Shared libraries typically have the extension .so which stands for Shared Object. Library file names are followed by a version numbering scheme which can include major and minor version numbers. A system of symbolic links are used to point the majority of programs to the latest and greatest library version, while still allowing a minority of programs to use older libraries. Listing 2 shows output that I modified to illustrate this point.

Listing 2

$ ls -l | grep libread lrwxrwxrwx 1 root root 18 2010-03-03 11:11 libreadline.so.5 -> libreadline.so.5.2 -rw-r--r-- 1 root root 217188 2009-08-24 19:10 libreadline.so.5.2 lrwxrwxrwx 1 root root 18 2010-02-02 09:34 libreadline.so.6 -> libreadline.so.6.0 -rw-r--r-- 1 root root 225364 2009-09-23 08:16 libreadline.so.6.0

You can see in the output that there are two versions of libreadline installed side-by-side (5.2 and 6.0). The version numbers are in the form major.minor, so 5 and 6 are major version numbers, with 2 and 0 being minor version numbers. You can usually mix and match libraries with the same major version number and differing minor numbers, but it can be a bad idea to use libraries with different major numbers in place of one another. Major version number changes usually represent significant changes to the interface of the library, which are incompatible with previous versions. Minor version numbers are only changed when an update such as a bug fix is added without significantly changing how the library interacts with the outside world. Another thing that you’ll notice in Listing 2 is that there are links created from libreadline.so.5 to libreadline.so.5.2 and from libreadline.so.6 to libreadline.so.6.0. This is so that programs that depend on the 5 or 6 series of the libraries don’t have to figure out where the newest version of the library is. If an application works with major version 6 of the library, it doesn’t care if it grabs 6.0, 6.5, or 6.9 as long as it’s compatible, so it just looks at the base name of the library and takes whatever that’s linked to. There are also a couple of other situations that you’re likely to encounter with this linking scheme. The first is that you may see a link file name containing no version numbers (libreadline.so) that points to the actual library file (libreadline.so.6.0). Also, even though I said that libraries with different major version numbers are risky to mix, there are situations where you will see an earlier major version number (libreadline.so.5) linked to a newer version number of the library (libreadline.so.6.0). This should only happen when your distribution maintainers or system administrators have made sure that nothing will break by doing this. Listing 3 shows an example of the first situation.

Listing 3

$ ls -l | grep ".*so " lrwxrwxrwx 1 root root 18 2010-02-02 14:48 libdbus-1.so -> libdbus-1.so.3.4.0

All things considered, the shared library methodology and numbering scheme do a good job of ensuring that your software can maintain a smaller footprint, make use to the latest and greatest library versions, and still have backwards compatibility with older libraries when needed. With this said, the shared library model isn’t perfect. There are some disadvantages to using them, but those disadvantages are typically considered to be outweighed by the benefits. One of the disadvantages is that shared libraries can slow the load time of a program. This is only a problem the first time that the library is loaded though. After that, the library is in memory and other applications that are launched won’t have to reload it. One of the most potentially dangerous drawbacks of shared libraries is that they can create a central point of failure for you system. If there is a library that a large set of your programs rely on and it gets corrupted, deleted, over-written, etc, all of those programs are probably going to break. If any of those programs that were just taken down are needed to boot your Linux system, you’ll be dead in the water and in need of a rescue CD.

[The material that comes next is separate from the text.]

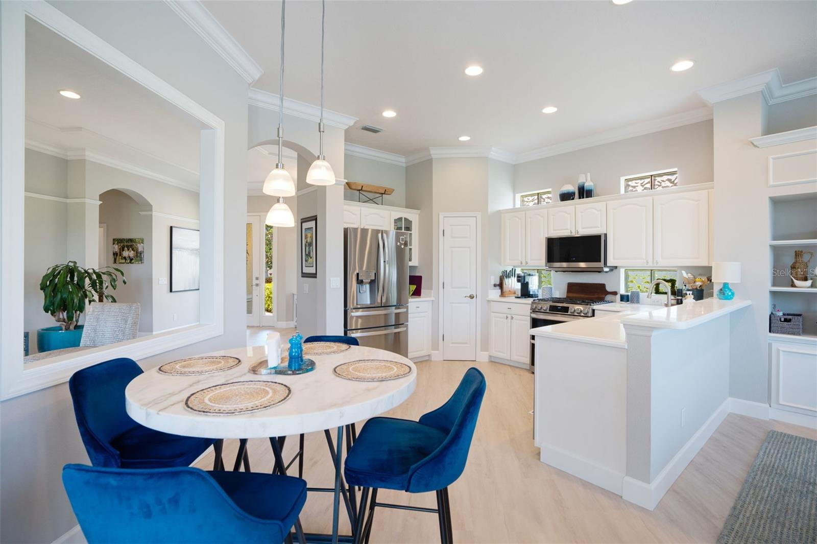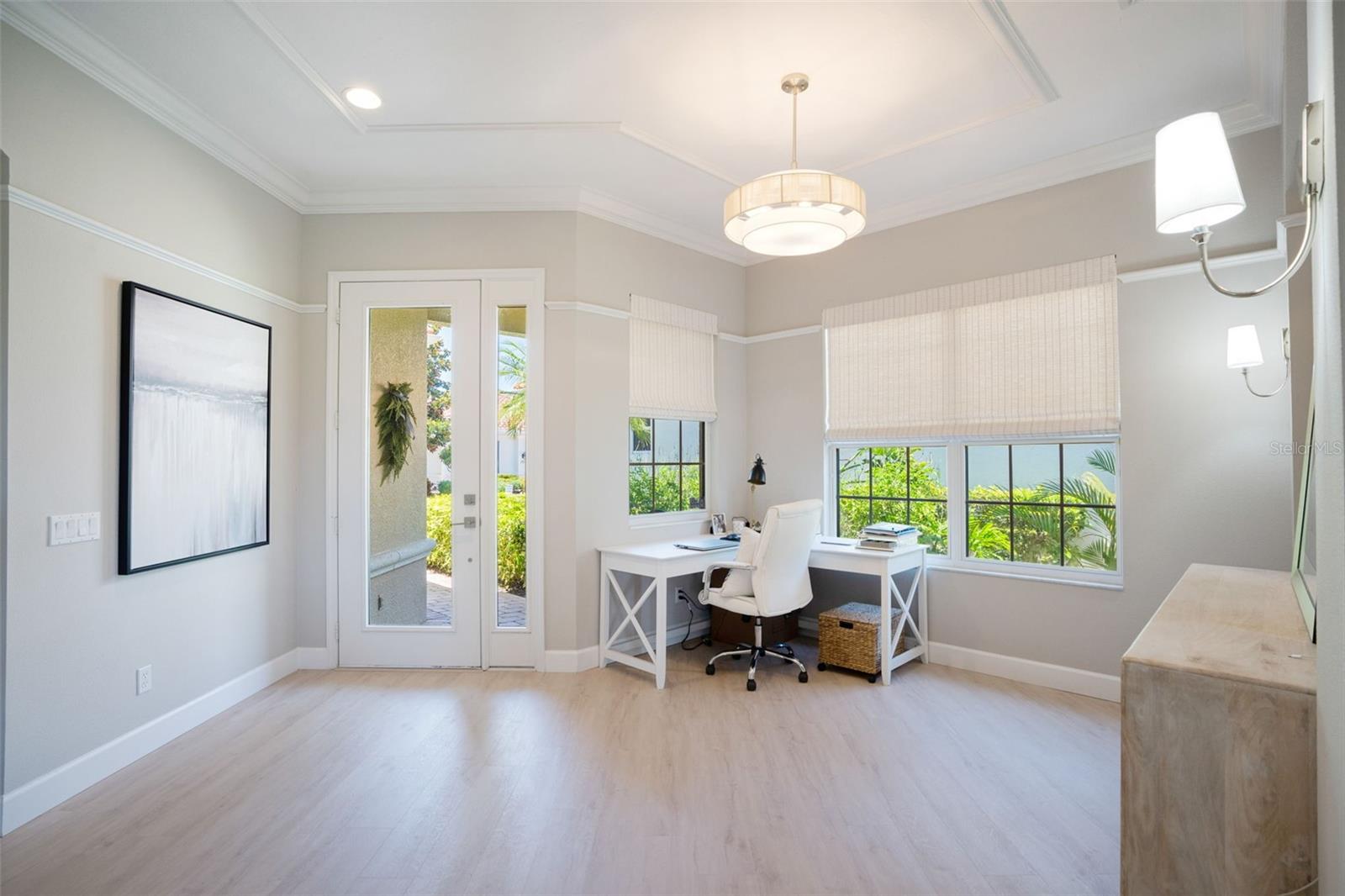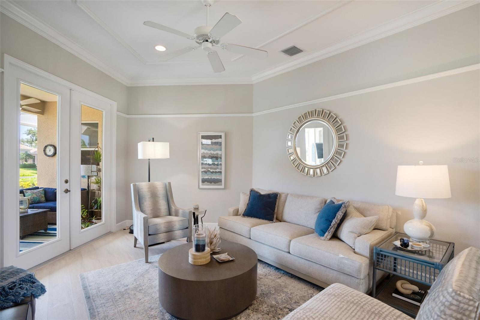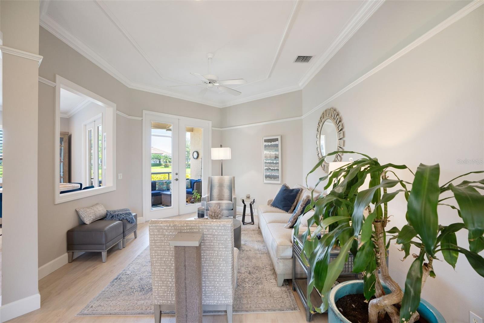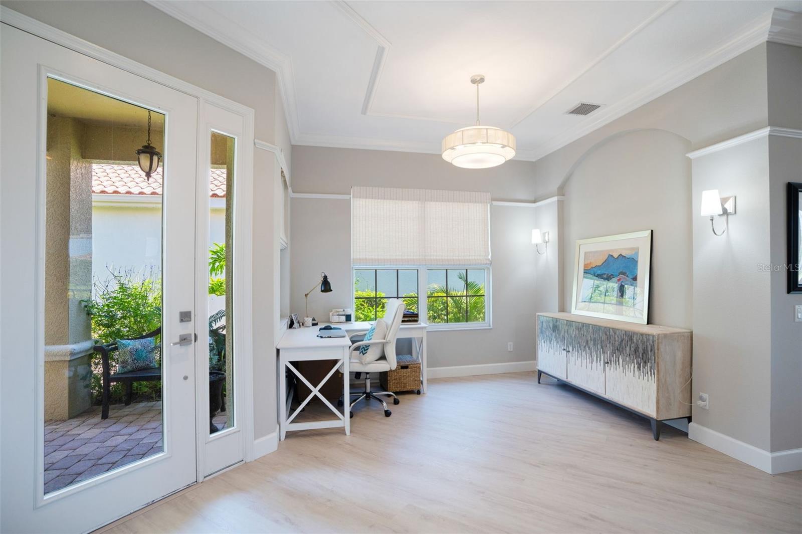 Welcome to the Palisades of Palmer Ranch - a charming, gated enclave of just 43 Mediterranean-inspired homes where peace of mind meets the Florida good life. Picture maintenance-free living with palm-lined streets, barrel tile roofs, and elegant paver driveways -- all wrapped in a warm Sarasota breeze. Step into this beautifully updated 3-bedroom, 2-bath Monet-inspired masterpiece by Gibraltar and fall in love with its airy layout and refined details: tray ceilings, crown molding, arched doorways, and stylish new finishes throughout. The fresh LVP flooring, custom plantation shutters, new baseboards, and a full suite of gleaming stainless steel LG appliances give this home a modern, elegant vibe. The spacious great room flows out to a tranquil lanai with peaceful water views from Crane Lake -- named after the nesting sand cranes and protected wildlife. A perfect spot for morning coffee or sunset cocktails. Enjoy thoughtful extras like 10' ceilings, built-in shelving, French doors, and a functional split floor plan for added privacy. The primary suite is a private retreat with a soaking tub, walk-in shower, 4 closets, a water view and double french doors that lead to the outdoor lanai. Two more bedrooms (or a den/office combo) plus a full laundry room and 2-car garage round out the home. The perks don't stop at your doorstep -- enjoy the lakeside community pool and pavilion; complete with a summer kitchen and a 1,500 sq ft covered area made for friendly gatherings and weekend barbecues. You're just minutes from the Legacy Trail, TPC Golf course, fabulous local dining and shopping, and of course -- the world-famous cool quartz sands of Siesta Key Beach. Whether you're an outdoor adventurer, beach lover, or golf enthusiast, this is Sarasota living at its best. Now offering a 1% PREFERRED LENDER BUYDOWN FOR QUALIFIED BUYERS

While I would argue that dependency chains are not really a “problem”, they can work hardships on a system administrator. A dependency chain happens when one library depends on another library, then that one depends on another, and another, and so on. When dealing with a dependency chain, you may have satisfied all of the first level dependencies, but your program still won’t run. You have to go through and check each library in turn for a dependency chain, and then follow that chain all the way through, filling in the missing dependencies as you go.

One final problem with shared libraries that I’ll mention again is version compatibility issues. You can end up with a situation where two different applications require different versions of the same library – that aren’t compatible. That is the reason for the version numbering system that I talked about above, and robust package management systems have helped ease shared library problems from the user’s perspective, but they still exist in certain situations. Any time that you compile and/or install an application/library yourself on your Linux system, you have to keep an eye out for problems since you don’t have the benefit of a package manager ensuring library compatibility.

Introducing ld-linux.so

ld-linux.so (or ld.so for older a.out binaries) is itself a library, and is responsible for managing the loading of shared libraries in Linux. For the purposes of this post, we’ll be working with ld-linux.so, and if you need or want to learn more about the older style a.out loading/linking, have a look at the Resources section. The ld-linux.so library reads the /etc/ld.so.cache file which is a non-human readable file that is updated when you run the ldconfig command. The way that shared libraries are loaded is that ld-linux.so checks to see what paths to look for the libraries in by checking the value of the LD_LIBRARY_PATH environment variable, then the contents of the /etc/ld.so.cache file, and finally the default path of /lib followed by the /usr/lib directory.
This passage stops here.